Task item: Stop after the line that contains "Medium brown suede". Until then, retype each line of the entries exactly from the first one, skipping pictures.

[Records excerpted from a collection]
· · · ·
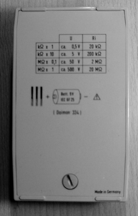 Jetzt noch das "Highlight" das Metrawid M. Es handelt sich um ein Ohmmeter mit mit einer Messpannung bis 500 V . Es erlaubt Messungen oder besser Ablesungen bis 1 Giga Für die Prüfung von alten Röhrengeräte C's genau richtig. Die Bereiche können an der Rückseite genauer gesehen werden. Einziges Problem ist die nicht mehr beschaffbare 9 V Rundbatterie, noch hält die alte. Leider macht der Autofokus der Digicam nicht so richtig mit, deshalb die nicht so tolle Bildqualität.
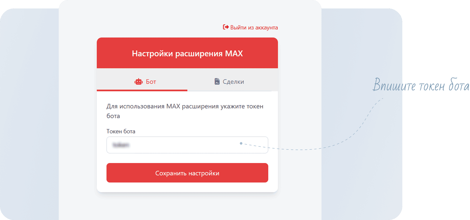 - Впишите токен чат-бота. Эти данные можно найти в настройках бота на платформе
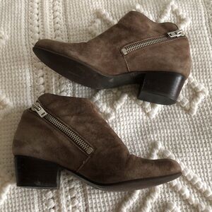 Medium brown suede with silver zipper accents
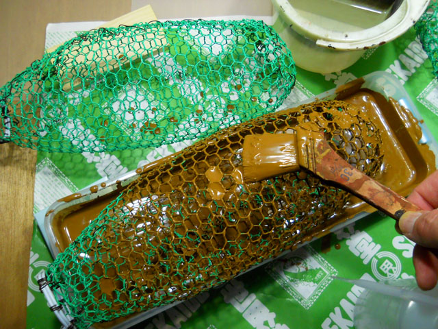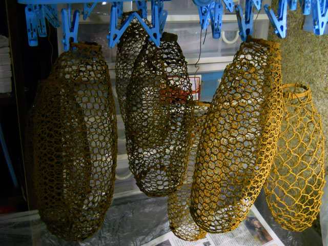 「むし展」の搬入に先駆けて本日も荷物を運び込みました。・°・。ただ今開催中の海中アパルトメントでは、また新たに追加納品された作品もあったり、床には涼し気なクラゲのシルエットがステキに描かれて(貼られて)おりました。・°・。* 帰宅後、スカシダワラの塗装を進めました。・°・。乾くと耐水性になる塗料を、たっぷり張ったバットに浸しながら、塗り残しの無いように注意しながら仕上げました。・°・。ランドリーピンチハンガーに吊るして乾燥に入りました。・°・。*
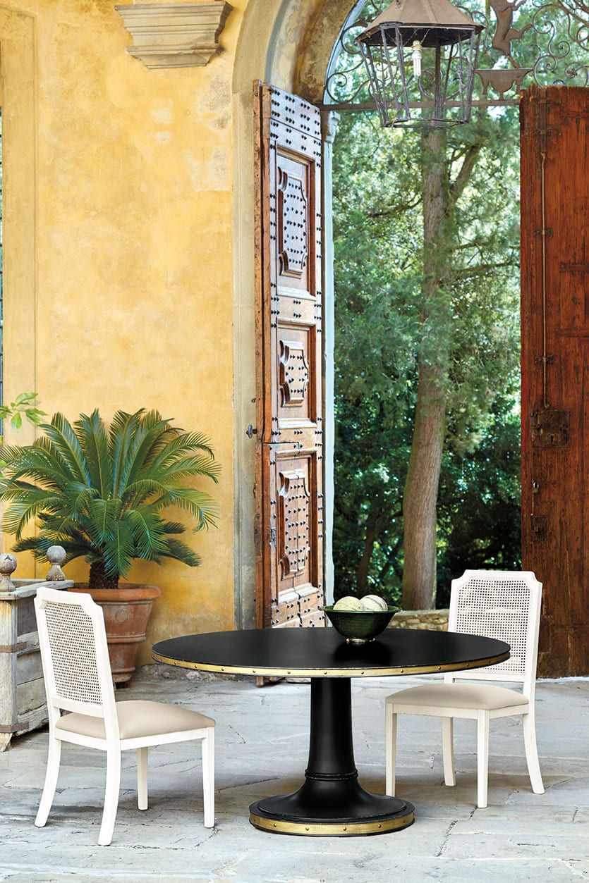 We took an iconic silhouette we’ve always loved and added vintage style for a striking statement in any room — and any finish. The defining detail of the solid wood, trumpet-style table is painted metallic banding studded with nailheads in pewter or antique gold.
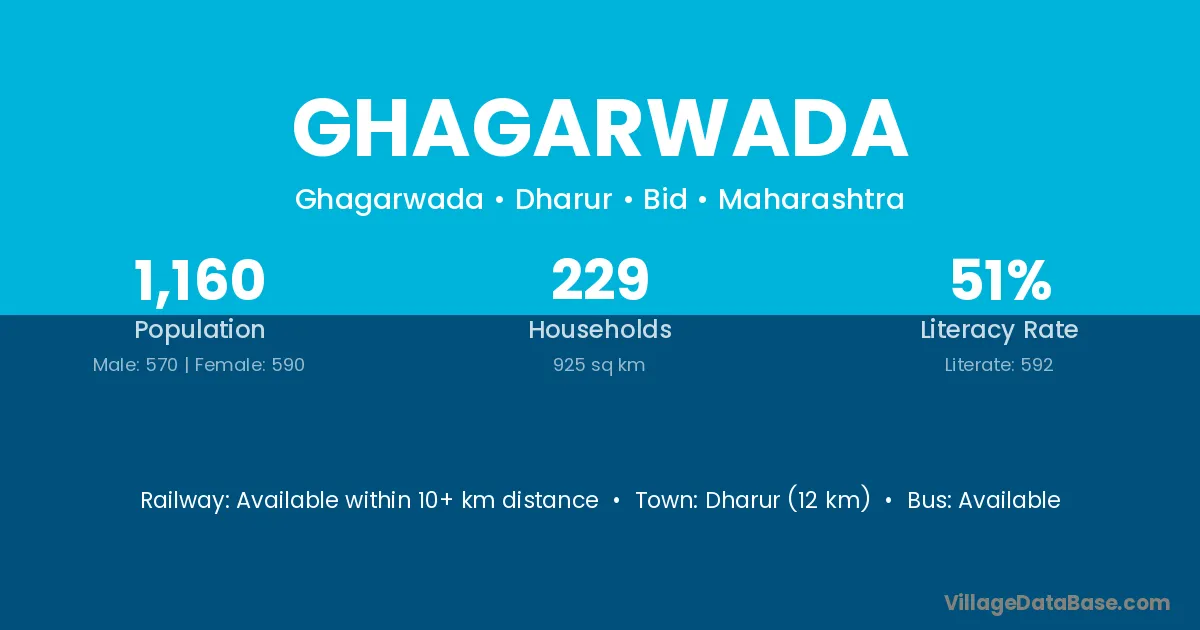 Dharur (12 km) is the nearest town to Ghagarwada village for major economic activities and is located approximately 12 km away.
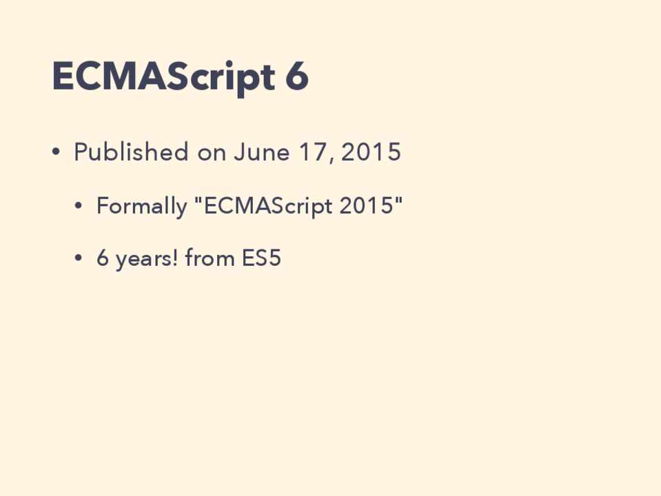 • Formally "ECMAScript 2015" • 6 years! from ES5
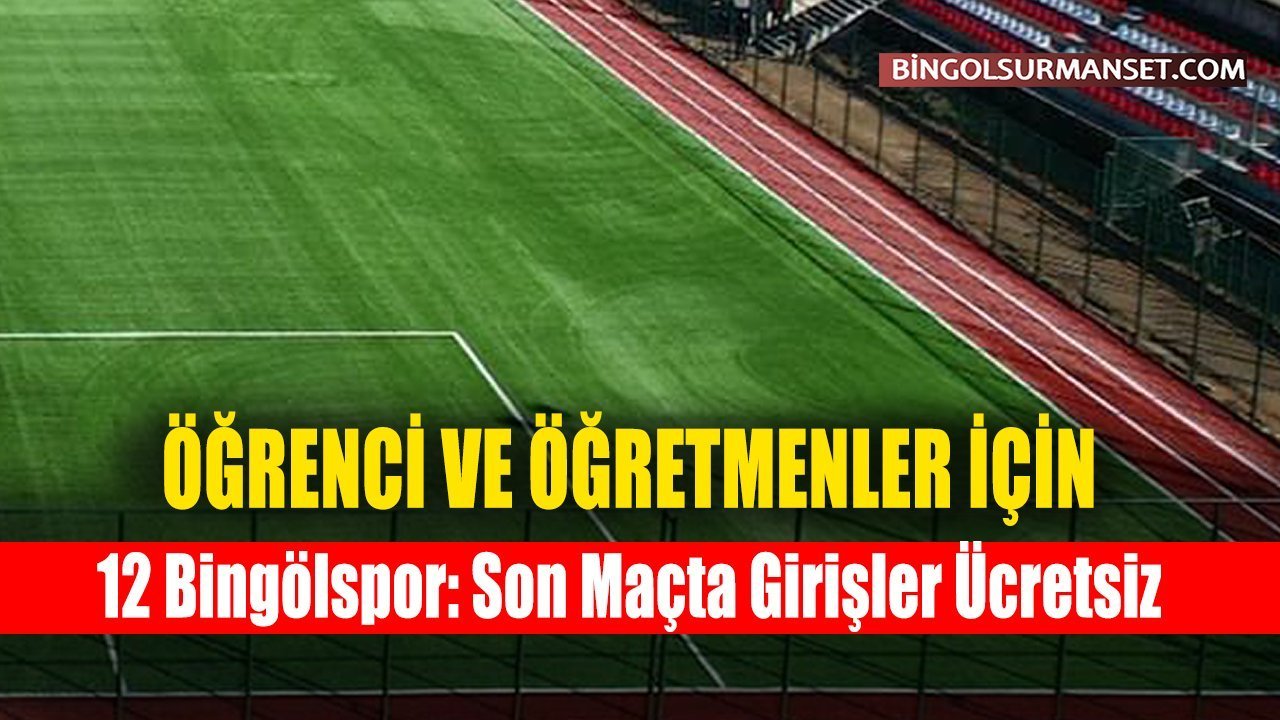 TFF 3. Lig 2. Grup'ta şampiyonluğunu ilan eden 12 Bingölspor, sezonun son maçında sahasında Silifke Belediyespor'u konuk edecek. 18 Nisan 2026 Cumartesi günü oynanacak karşılaşmada kulüp, 8-16 yaş arası tüm öğrenciler ve öğretmenler için girişlerin ücretsiz olacağını açıkladı.
· · · ·
Exercise output:
 Jetzt noch das "Highlight" das Metrawid M. Es handelt sich um ein Ohmmeter mit mit einer Messpannung bis 500 V . Es erlaubt Messungen oder besser Ablesungen bis 1 Giga Für die Prüfung von alten Röhrengeräte C's genau richtig. Die Bereiche können an der Rückseite genauer gesehen werden. Einziges Problem ist die nicht mehr beschaffbare 9 V Rundbatterie, noch hält die alte. Leider macht der Autofokus der Digicam nicht so richtig mit, deshalb die nicht so tolle Bildqualität.
 - Впишите токен чат-бота. Эти данные можно найти в настройках бота на платформе
 Medium brown suede with silver zipper accents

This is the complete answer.